Besides pain, physical function, and strength, it is also important to assess the quality of life of the patients with hand and thumb OA. Hand and thumb OA has a high impact on the quality of life of patients [21]. To our knowledge, there is no study in the literature to evaluate the effects of splinting on the quality of life of patients with thumb CMC OA. We assessed the effects of splinting on the quality of life of patients using NHP and detected that splinting is effective in improving the quality of life of patients due to pain relief and increased hand function.

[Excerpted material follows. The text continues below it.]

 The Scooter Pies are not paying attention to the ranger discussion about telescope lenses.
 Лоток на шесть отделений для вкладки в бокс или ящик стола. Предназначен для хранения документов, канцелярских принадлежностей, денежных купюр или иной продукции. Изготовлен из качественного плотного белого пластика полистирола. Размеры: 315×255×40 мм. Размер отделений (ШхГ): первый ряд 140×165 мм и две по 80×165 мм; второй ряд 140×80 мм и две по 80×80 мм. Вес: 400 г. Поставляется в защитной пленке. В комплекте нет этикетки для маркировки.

In the present study, the patients rated their splint satisfaction using a 10-cm VAS. The mean satisfaction score of the patients was 7.3. When a score of 5.0 or more was accepted as high satisfaction, 77% of patients had high satisfaction with the prefabricated CMC-MCP immobilization splint. Seventy-seven percent of patients reported that daily activities were easier to perform while wearing the splint, whereas 23% of patients reported difficulty in performing daily activities. This result is in line with those reported by other studies [3,7]. Weiss et al. reported that three-quarters of patients with thumb CMC OA preferred the prefabricated CMC-MCP immobilization splint [7]. In another study, 63% of patients preferred the prefabricated CMC-MCP immobilization splint to the custom-made CMC immobilization splint due to its comfortable usage [3].

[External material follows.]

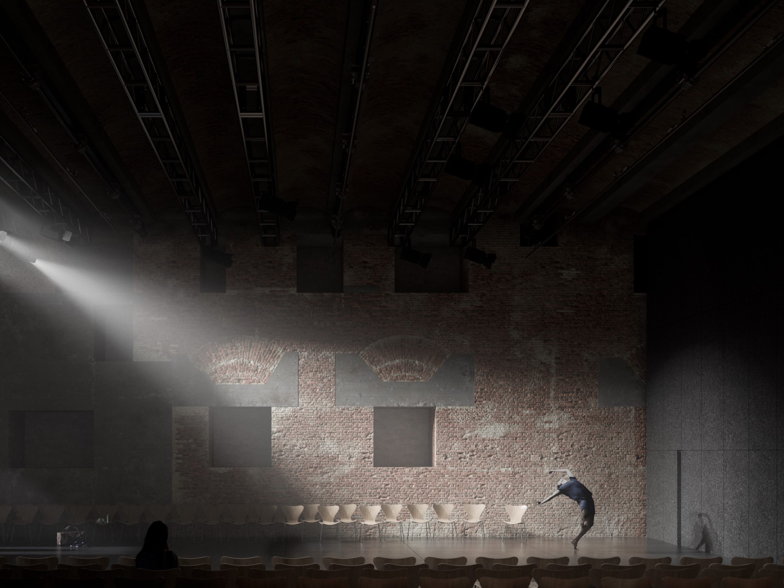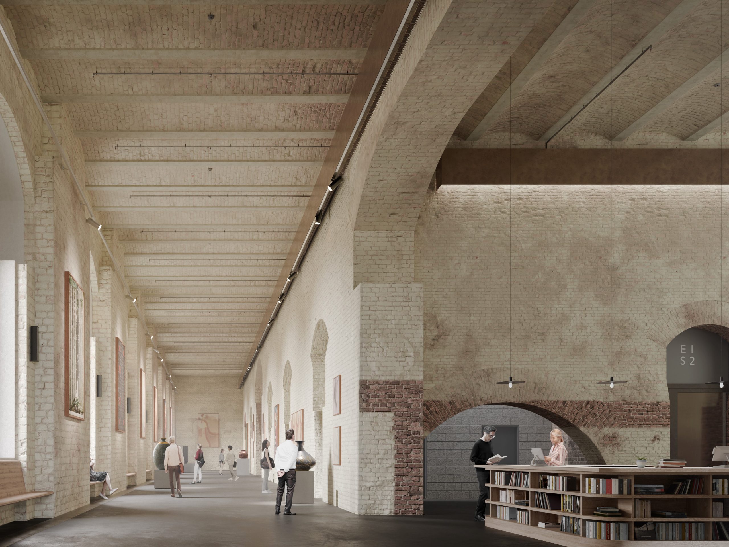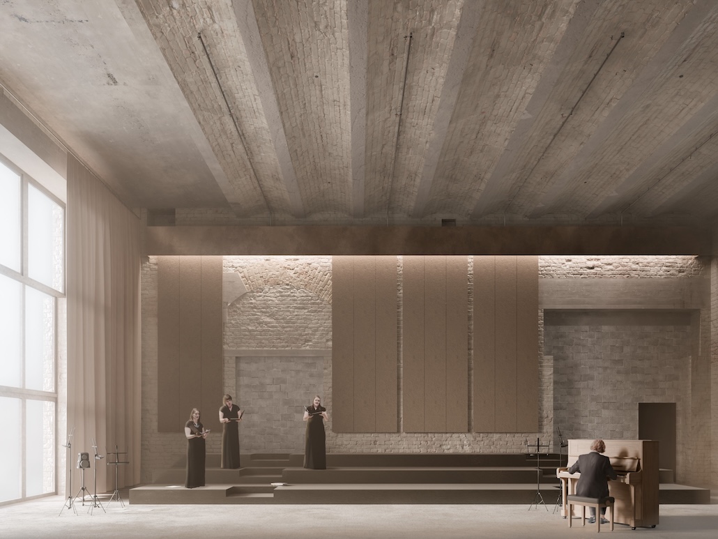 Der Entwurf für den Bestand übernimmt dezent Elemente – beispielsweise Beleuchtungskörper, runde Messingelemente beziehungsweise Reflektoren – aus dem Neubau und verbindet so auf subtile Weise Alt und Neu ohne jede Anbiederung und ohne den Gebäudeteilen ihre spezifische Eigenständigkeit zu nehmen. Es gelingt, den Bestand in seiner rohen, historischen Anmutung zu erhalten. Neu hinzu kommen sicher begehbare, barrierefreie Böden. Wände und Decken werden gereinigt, aber nicht verputzt oder neu gestrichen. Installationen erfolgen sichtbar, aber geordnet. Raumakustisch erforderliche Elemente sind gestalterisch zurückhaltend integriert und auf das Nötige beschränkt.

The information about wearing splint schedules for thumb CMC OA in the literature is contradictory [8,9,13]. Swigart et al. offered to wear the splint continuously for 3 weeks and then only during the heaviest activities for 3 weeks [8]. Bongi et al. instructed to wear the splint for 5–6 h per day and at night during 4 weeks, then during heavy activities only [9]. Glickel recommended the splint only during the day for pain relief [13]. In the present study, patients were instructed to wear the splint all the time as much as possible during the first 3 weeks for immediate reduction of pain. After this period, the splint was recommended only during activities of daily living that cause pain to support the hand functions and to reduce pain. We found that splinting is a well-tolerated conservative treatment in patients with thumb CMC OA.

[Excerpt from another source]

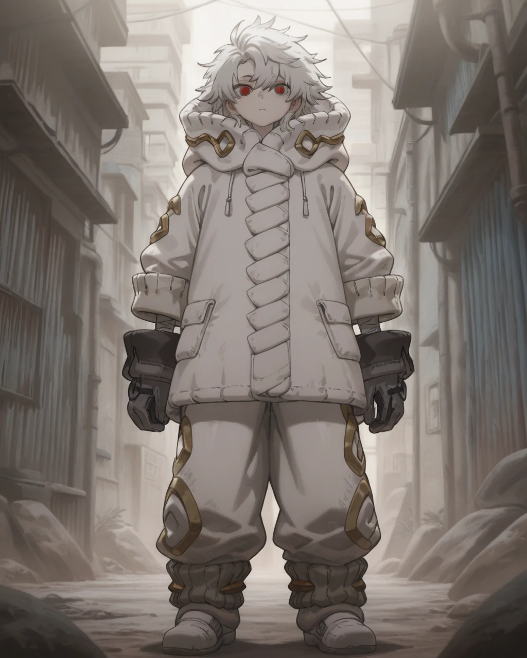 Clothes: white hooded coat, white pants, grey gloves, white boots

The study has some limitations. First, the follow-up time of the study (6 weeks) was short. Longer-term follow-up of patients after the end of the scheduled treatment period will provide more important information on the persistent effects. Second, we did not evaluate the effects of another type of splint in patients with thumb CMC OA. A comparison of the effects of different types of splints with no splinting will provide a more valuable contribution to the literature.

5. Conclusions

In conclusion, we evaluated the effects of a prefabricated CMC-MCP immobilization splint in patients with thumb CMC OA. We detected that this type of splint is effective in improving pain, hand function, grip strength, pinch strength, and quality of life at the end of a 6-week usage period. Future randomized controlled studies with larger sample sizes and longer follow-up periods are needed to confirm the effects of splinting in the treatment of thumb CMC OA.

Informed Consent

The study protocol received institutional review board approval. All participants provided informed consent in the format required by the relevant authorities.